Stored items
_ _ _

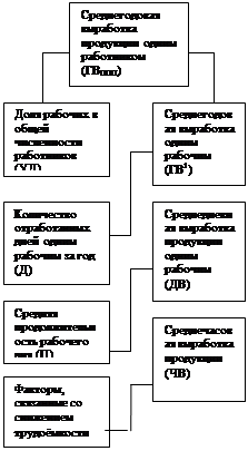 направления: Источники информации для анализа: План по труду, ф №1-Т “Отчёт по труду”, ф №5-3 “Отчёт о затратах на производство и реализацию продукции (работ, услуг) предприятия (организации), статистическая отчётность отдела кадров по движению рабочих и др.” Для оценки уровня производительности труда применяется система обобщающих, частных и вспомогательных показателей. К обобщающим показателям относятся среднегодовая, среднедневная и среднечасовая выработка продукции одним рабочим, а также среднегодовая выработка продукции на одного работающего в стоимостном выражении. Частные показатели – это затраты времени на производство единицы продукции определенного вида (трудоемкость продукции) или выпуск продукции определенного вида в натуральном выражении за один человеко-день или человеко-час. Вспомогательные показатели характеризуют затраты времени на выполнение единицы определенного вида работ или объем выполненных работ за единицу времени. Наиболее обобщающим показателем производительности труда является среднегодовая выработка продукции одним работающим. Величина его зависит не только от выработки рабочих, но и от удельного веса последних в общей численности промышленно-производственного персонала, а также от количества отработанных ими дней и продолжительности рабочего дня
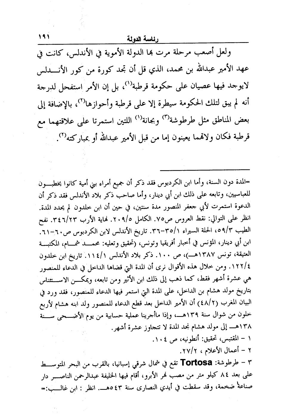 3- طرطوشة: Tortosa تقع في شمال شرقي إسبانيا، بالقرب من البحر المتوسط على بعد 84 كيلو متر من مصب نهر الأبرو، أقام فيها الخليفة عبد الرحمن الناصر دار صناعة ضخمة، وقد سقطت في أيدي النصارى سنة 543هـ. انظر: ابن غالب: تعليق منتقى ص 285-286 الروض المعطار ص391-392. الحلل السندسية، 3/7-44. الآثار الأندلسية الباقية، ص120-122.
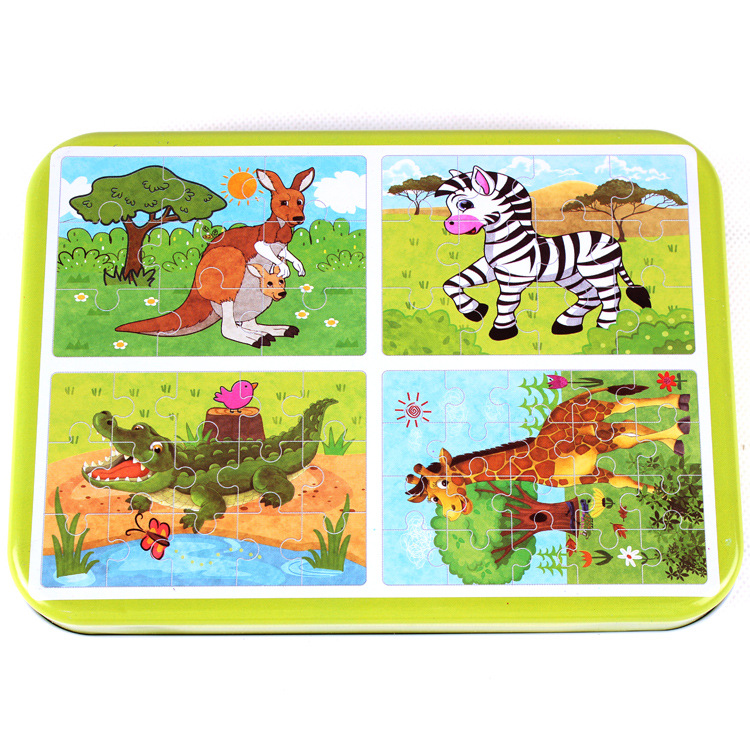 국경 간 나무 어린이 직소 퍼즐 4 대 1 철 박스형 동물 직소 퍼즐 아기 교육 장난감 평면 직소 퍼즐
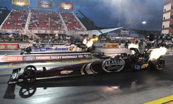 The NHRA Full Throttle Drag Racing Series continues June 23-26 with the fifth annual Summit Racing Equipment NHRA Nationals at Summit Racing Equipment Motorsports Park in Norwalk, Ohio. Sunday's final results from the 11th annual Ford NHRA Thunder Valley Nationals presented by Tri-Cities Area Ford Dealers at Bristol Dragway. The race is the ninth of 22 in the NHRA Full Throttle Drag Racing Series- Top Fuel -- Larry Dixon, 3.836 seconds, 318.09 mph def. Antron Brown, 3.851 seconds, 306.19 mph. Funny Car -- Robert Hight, Ford Mustang, 4.092, 314.90 def. Jack Beckman, Dodge Charger, 5.615, 152.66. Pro Stock -- Mike Edwards, Pontiac GXP, 6.685, 205.79 def. Erica Enders, Chevy Cobalt, 11.863, 72.89. Pro Modified -- Melanie Troxel, Chevy Corvette, 5.928, 250.83 def. Danny Rowe, Chevy Camaro, foul. Super Stock -- Mike Saye, Pontiac Firebird, 10.559, 115.00 def. Dan Fletcher, Chevy Camaro, foul. Stock Eliminator -- Dan Fletcher, Chevy Camaro, 11.648, 101.07 def. Joe Santangelo, Camaro, 11.149, 98.93. Super Comp -- Shane Carr, Dragster, 8.946, 160.08 def. Riley Ledbetter, Dragster, 8.936, 172.96. Super Gas -- Tommy Phillips, Chevy Corvette, 9.968, 134.83 def. Scott Lawton, Chevy Roadster, broke. Top Dragster -- Jenifer White, Dragster, 6.632, 203.61 def. Casey Spradlin, Dragster, foul. Nitro Harley -- Tommy Grimes, Harley, 6.328, 224.32 def. Damian Cownden, Harley, 12.222, 71.11.
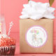 Este hermoso pegatina de unicornio es perfecto para pegarse en todos sus regalos, bolsos de fiesta, bolsos de torta, tarjetas de agradecimiento. Esta escena encantadora es un elegante unicornio con un mané y una cola floridas en rosa pastel y con chispa verde menta con falso purpurina de oro. Flotando suavemente alrededor del unicornio, hay algunos globos acuáticos, cada uno en suaves tonos pastel de rosa rubor, lavanda, azul cielo y verde menta, atado con delgadas cuerdas doradas, añadiendo un toque de brillo al diseño, creando una atmósfera mágica. El nombre es rosa para complementar los colores del unicornio. Cree un tema mágico para su fiesta y añada el nombre y la edad de su hijo haciendo clic en el botón "personalizar".
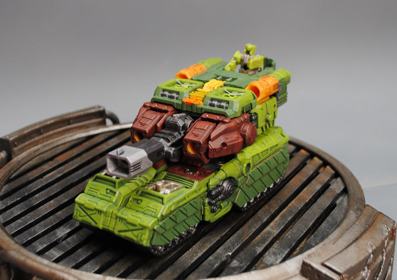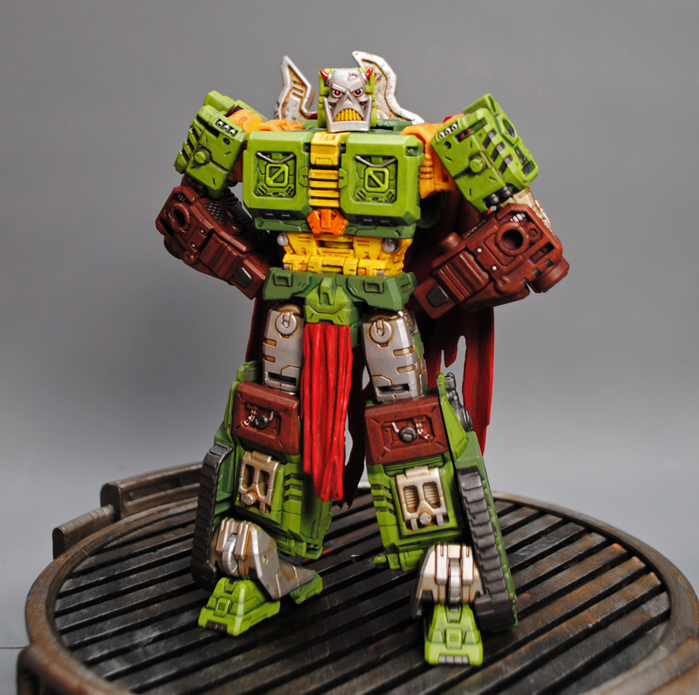 It's time for another custom, yes? This time I've gone and whipped up the Transformers most lethal adversary, Death's Head! He's been created in his green and yellow G1 look using an Impactor body, Titans Return Hardhead noggin and neck port, Marvel legends Brother Voodoo cape, part of black series Rey's tunic for his loincloth, and varius Transformer weapons/melee weapons. A lot of trimming/sanding had to be done so that nothing scraped during transformation and yes, the tank can wear the cape if you plug it into the wrist holes, hah! Death's Head was primered with Duplicolor Adhesion Promoter, painted with Testors Aztek Airbrush and Formula P3 paints, Testors Metalizer armor color lacquers, and sealed with Mr Hobby premium flat spray sealer. The Death's Head faceplate came from Shapeways via Fakebuster's shop named Ariel's Customs and has TONS of different character faceplates that fit on TR headmasters.
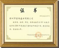 编号为501 的执手被评为二○○四年度建筑门窗推荐产品 |
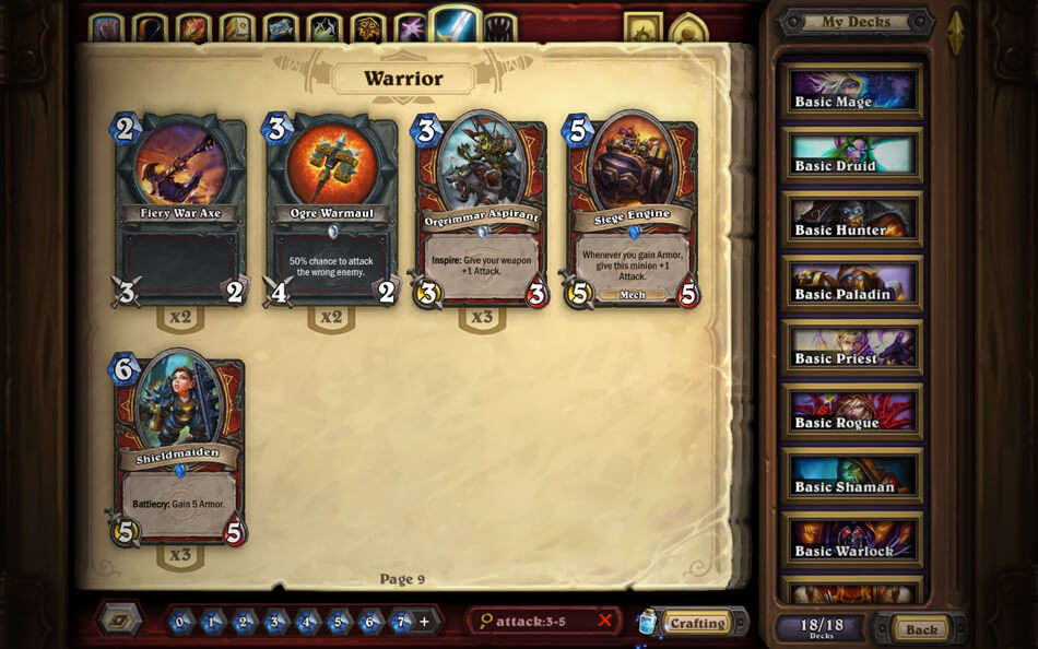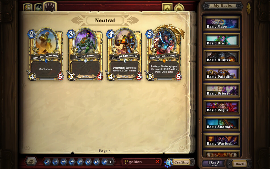 Kombinálhatod is ezeket a kereséseket. Ha az összes 3 Támadású és 3 Életű lényeket szeretnéd megkeresni, akkor az attack:3 health:3 keresési kombinációra lesz szükséged. Ha meg szeretnéd csodálni az epikus aranylapjaidat, akkor a golden epic kulcsszót használd. Vagy használd az extra rare keresést, ha azokat a Rare kártyáidat szeretnéd megjeleníteni, amiből több van a gyűjteményedben, mint 2.

_ _ _

Pictures stay out; the records above are otherwise reproduced exactly.

 направления: Источники информации для анализа: План по труду, ф №1-Т “Отчёт по труду”, ф №5-3 “Отчёт о затратах на производство и реализацию продукции (работ, услуг) предприятия (организации), статистическая отчётность отдела кадров по движению рабочих и др.” Для оценки уровня производительности труда применяется система обобщающих, частных и вспомогательных показателей. К обобщающим показателям относятся среднегодовая, среднедневная и среднечасовая выработка продукции одним рабочим, а также среднегодовая выработка продукции на одного работающего в стоимостном выражении. Частные показатели – это затраты времени на производство единицы продукции определенного вида (трудоемкость продукции) или выпуск продукции определенного вида в натуральном выражении за один человеко-день или человеко-час. Вспомогательные показатели характеризуют затраты времени на выполнение единицы определенного вида работ или объем выполненных работ за единицу времени. Наиболее обобщающим показателем производительности труда является среднегодовая выработка продукции одним работающим. Величина его зависит не только от выработки рабочих, но и от удельного веса последних в общей численности промышленно-производственного персонала, а также от количества отработанных ими дней и продолжительности рабочего дня
 3- طرطوشة: Tortosa تقع في شمال شرقي إسبانيا، بالقرب من البحر المتوسط على بعد 84 كيلو متر من مصب نهر الأبرو، أقام فيها الخليفة عبد الرحمن الناصر دار صناعة ضخمة، وقد سقطت في أيدي النصارى سنة 543هـ. انظر: ابن غالب: تعليق منتقى ص 285-286 الروض المعطار ص391-392. الحلل السندسية، 3/7-44. الآثار الأندلسية الباقية، ص120-122.
 국경 간 나무 어린이 직소 퍼즐 4 대 1 철 박스형 동물 직소 퍼즐 아기 교육 장난감 평면 직소 퍼즐
 The NHRA Full Throttle Drag Racing Series continues June 23-26 with the fifth annual Summit Racing Equipment NHRA Nationals at Summit Racing Equipment Motorsports Park in Norwalk, Ohio. Sunday's final results from the 11th annual Ford NHRA Thunder Valley Nationals presented by Tri-Cities Area Ford Dealers at Bristol Dragway. The race is the ninth of 22 in the NHRA Full Throttle Drag Racing Series- Top Fuel -- Larry Dixon, 3.836 seconds, 318.09 mph def. Antron Brown, 3.851 seconds, 306.19 mph. Funny Car -- Robert Hight, Ford Mustang, 4.092, 314.90 def. Jack Beckman, Dodge Charger, 5.615, 152.66. Pro Stock -- Mike Edwards, Pontiac GXP, 6.685, 205.79 def. Erica Enders, Chevy Cobalt, 11.863, 72.89. Pro Modified -- Melanie Troxel, Chevy Corvette, 5.928, 250.83 def. Danny Rowe, Chevy Camaro, foul. Super Stock -- Mike Saye, Pontiac Firebird, 10.559, 115.00 def. Dan Fletcher, Chevy Camaro, foul. Stock Eliminator -- Dan Fletcher, Chevy Camaro, 11.648, 101.07 def. Joe Santangelo, Camaro, 11.149, 98.93. Super Comp -- Shane Carr, Dragster, 8.946, 160.08 def. Riley Ledbetter, Dragster, 8.936, 172.96. Super Gas -- Tommy Phillips, Chevy Corvette, 9.968, 134.83 def. Scott Lawton, Chevy Roadster, broke. Top Dragster -- Jenifer White, Dragster, 6.632, 203.61 def. Casey Spradlin, Dragster, foul. Nitro Harley -- Tommy Grimes, Harley, 6.328, 224.32 def. Damian Cownden, Harley, 12.222, 71.11.
 Este hermoso pegatina de unicornio es perfecto para pegarse en todos sus regalos, bolsos de fiesta, bolsos de torta, tarjetas de agradecimiento. Esta escena encantadora es un elegante unicornio con un mané y una cola floridas en rosa pastel y con chispa verde menta con falso purpurina de oro. Flotando suavemente alrededor del unicornio, hay algunos globos acuáticos, cada uno en suaves tonos pastel de rosa rubor, lavanda, azul cielo y verde menta, atado con delgadas cuerdas doradas, añadiendo un toque de brillo al diseño, creando una atmósfera mágica. El nombre es rosa para complementar los colores del unicornio. Cree un tema mágico para su fiesta y añada el nombre y la edad de su hijo haciendo clic en el botón "personalizar".
 It's time for another custom, yes? This time I've gone and whipped up the Transformers most lethal adversary, Death's Head! He's been created in his green and yellow G1 look using an Impactor body, Titans Return Hardhead noggin and neck port, Marvel legends Brother Voodoo cape, part of black series Rey's tunic for his loincloth, and varius Transformer weapons/melee weapons. A lot of trimming/sanding had to be done so that nothing scraped during transformation and yes, the tank can wear the cape if you plug it into the wrist holes, hah! Death's Head was primered with Duplicolor Adhesion Promoter, painted with Testors Aztek Airbrush and Formula P3 paints, Testors Metalizer armor color lacquers, and sealed with Mr Hobby premium flat spray sealer. The Death's Head faceplate came from Shapeways via Fakebuster's shop named Ariel's Customs and has TONS of different character faceplates that fit on TR headmasters.
 编号为501 的执手被评为二○○四年度建筑门窗推荐产品 |
 Kombinálhatod is ezeket a kereséseket. Ha az összes 3 Támadású és 3 Életű lényeket szeretnéd megkeresni, akkor az attack:3 health:3 keresési kombinációra lesz szükséged. Ha meg szeretnéd csodálni az epikus aranylapjaidat, akkor a golden epic kulcsszót használd. Vagy használd az extra rare keresést, ha azokat a Rare kártyáidat szeretnéd megjeleníteni, amiből több van a gyűjteményedben, mint 2.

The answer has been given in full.